# Chinese Remainder Theorem 3

• Mar 26th 2007, 08:05 PM
jmc1979
Chinese Remainder Theorem 3
Problem:

Ancien Indian Problem: If eggs are removed form a basket 2, 3, 4, 5, and 6 at a time, there remain, respectively, 1, 2, 3, 4, and 5 eggs. But if eggs are removed 7 at a time, no eggs remain. What is the least number of eggs that could have been in the basket?

So far this is what I believe this exercise implies but I am not sure:

x ≡ 1 (mod 2)
x ≡ 1 (mod 3)
x ≡ 1 (mod 4)
x ≡ 1 (mod 5)
x ≡ 1 (mod 6)
x ≡ 0 (mod 7)

Can anyone help?
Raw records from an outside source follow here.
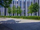 A unique perspective of a city intersection captured through a fisheye lens. The modern architecture and open space create a vibrant urban design. Clear skies and hard shadows enhance the city's energy and atmosphere.
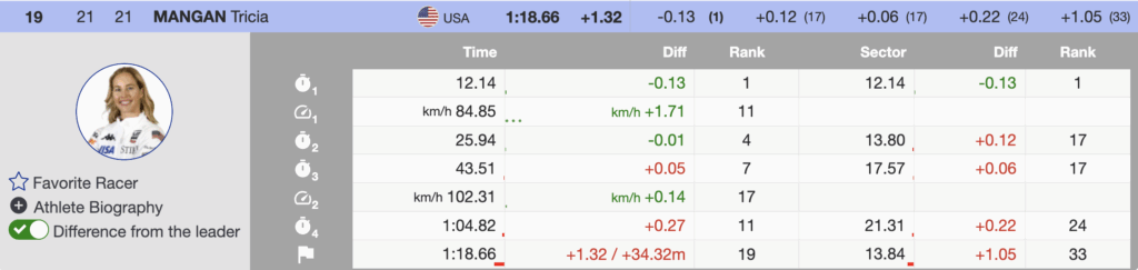 - 19th 🇺🇸 Tricia Mangan (USA) — bib 21 — +1.32 — 1997 — Head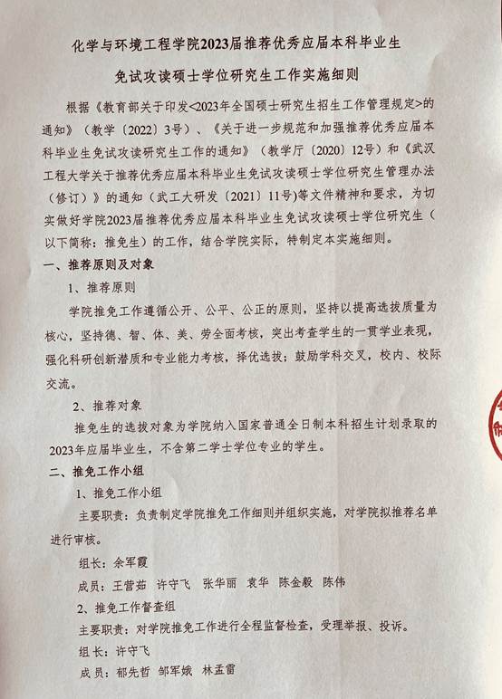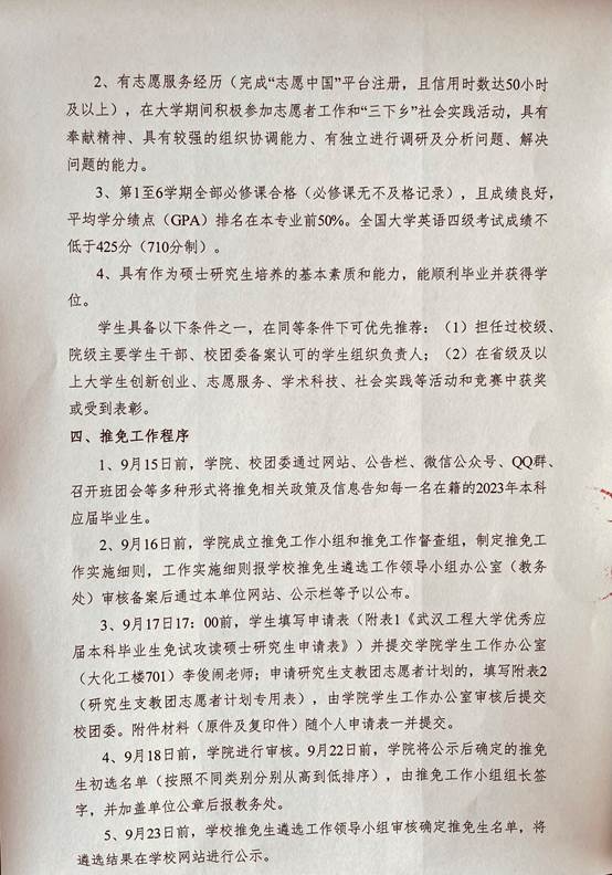 9428cn太阳集团古天乐2023届推荐优秀应届本科毕业生免试攻读硕士学位研究生工作实施细则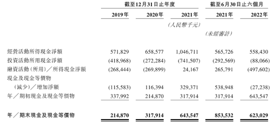 与此同时,魔方生活服务的现金及现金等价物净额亦在减少。数据显示,截至2022年6月末,该公司经营活动所得现金净额为5.58亿元,投资活动所得现金净额为-0.88亿元,融资活动所得现金净额为-4.98亿元。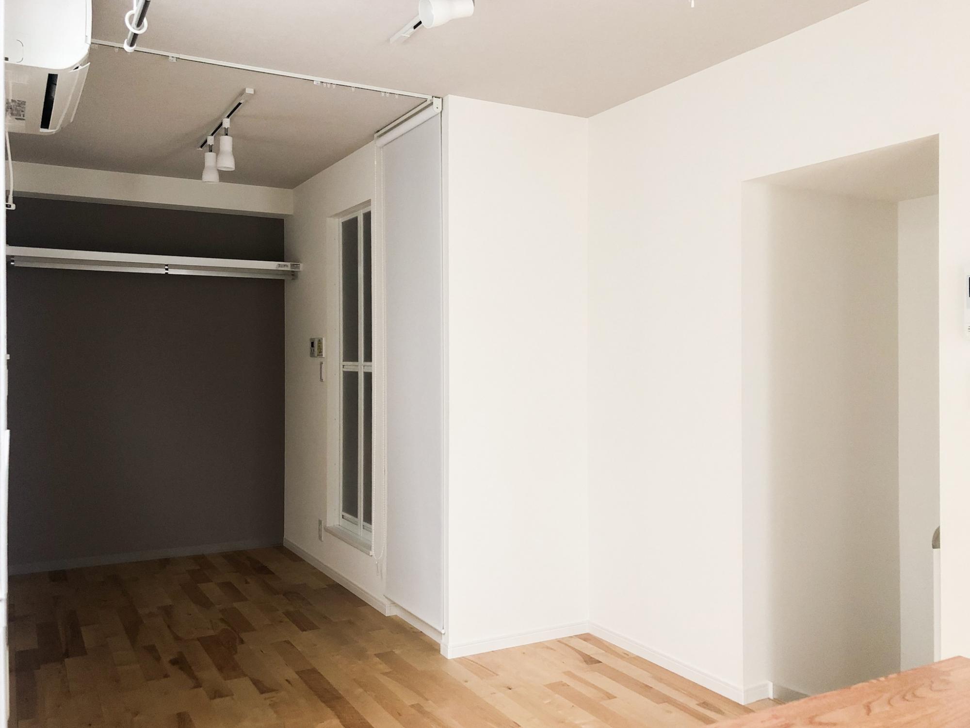 天井のグレーのアクセントカラー、お部屋の奥のブラウンのアクセントカラーが落ち着いたお部屋の雰囲気に。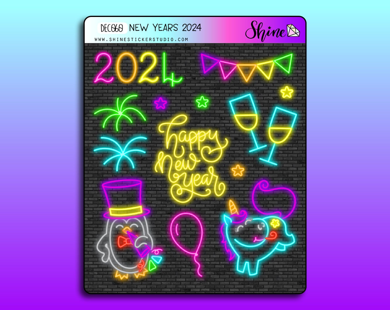 Neon Silvester 2024 Dekorative Planner Sticker Niedliche Etsy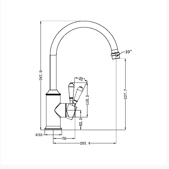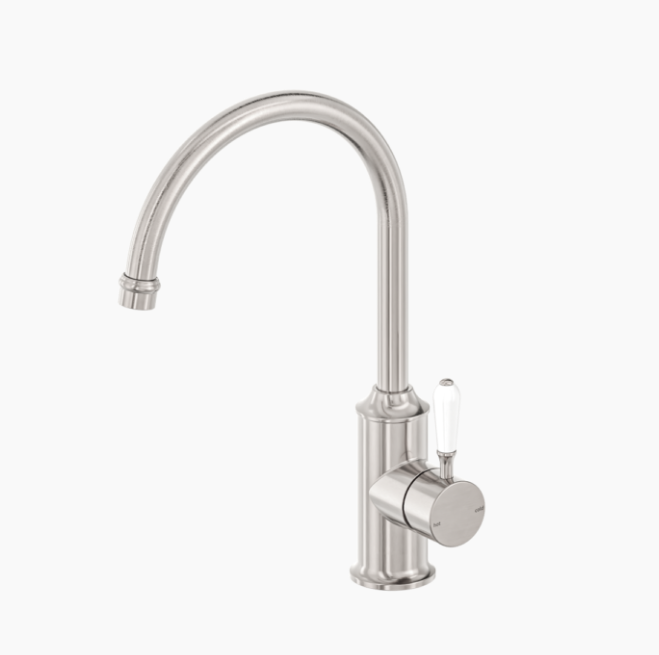 York Kitchen Mixer Gooseneck Spout With White Porcelain Lever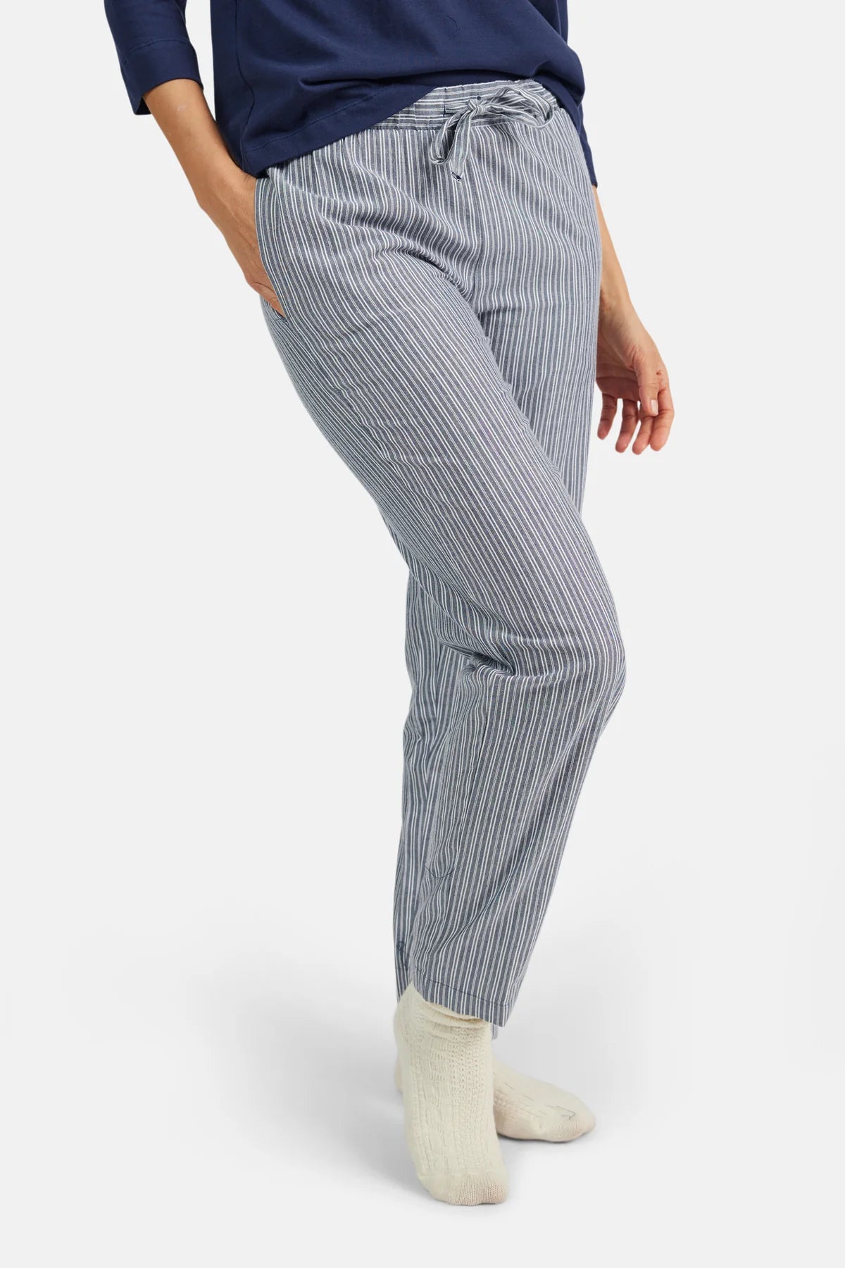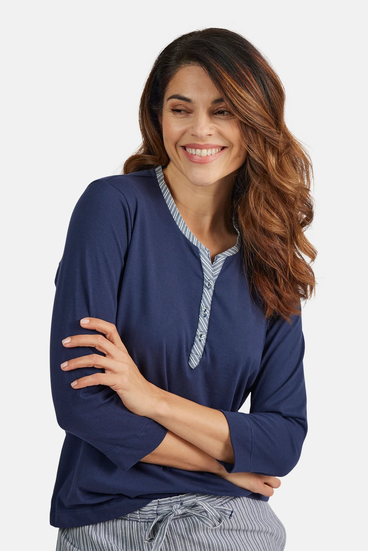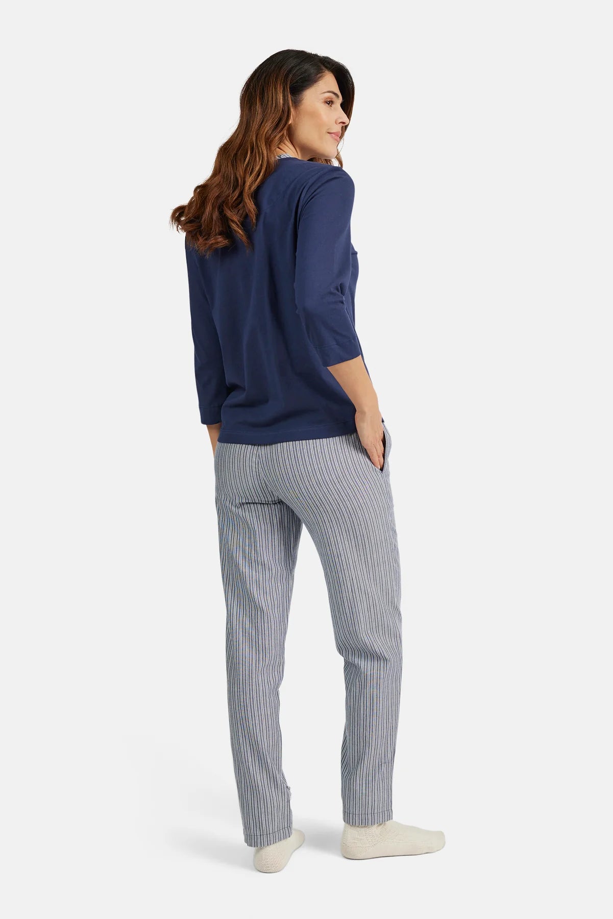 Brandtex - Nora mjúkt og notalegt náttfata sett. Röndóttar buxur með vösum og teygju í mitti með böndum. Einlitur kvartermabolur með rúnuðu hálsmáli og tölum.

Thank you!

• Mar 27th 2007, 10:35 AM
ThePerfectHacker
Quote:

Originally Posted by jmc1979

x ≡ 1 (mod 2)
x ≡ 1 (mod 3)
x ≡ 1 (mod 4)
x ≡ 1 (mod 5)
x ≡ 1 (mod 6)
x ≡ 0 (mod 7)

x=1(mod 2)
x=1(mod 3)
x=1(mod 4) implies x=1(mod 2) (you can drop this one).
x=1(mod 5)
x=1(mod 6) implies x=1(mod 2 and 3) (you can drop this one).
x=0(mod 7)

Thus, you get,
x=1(mod 3)
x=1(mod 4)
x=1(mod 5)
x=0(mod 7)

Solve that.

(I deleted you other question on Chinese Remainder Theorem, because it seems to me you just want the answer. You want me to help you, you show the work you done so far. Because otherwise that makes me angry. You insult my intellegence! :mad: )
• Mar 27th 2007, 11:27 AM
jmc1979
Thank you!
ThePerfectHacker thank you for you help. I wrote the complete problem, that did not meant that I wanted you to solve the exercise for me. I just wanted to know that I was on the right path. Sorry if this insulted your intelligence since this was not the intention. Thank you again!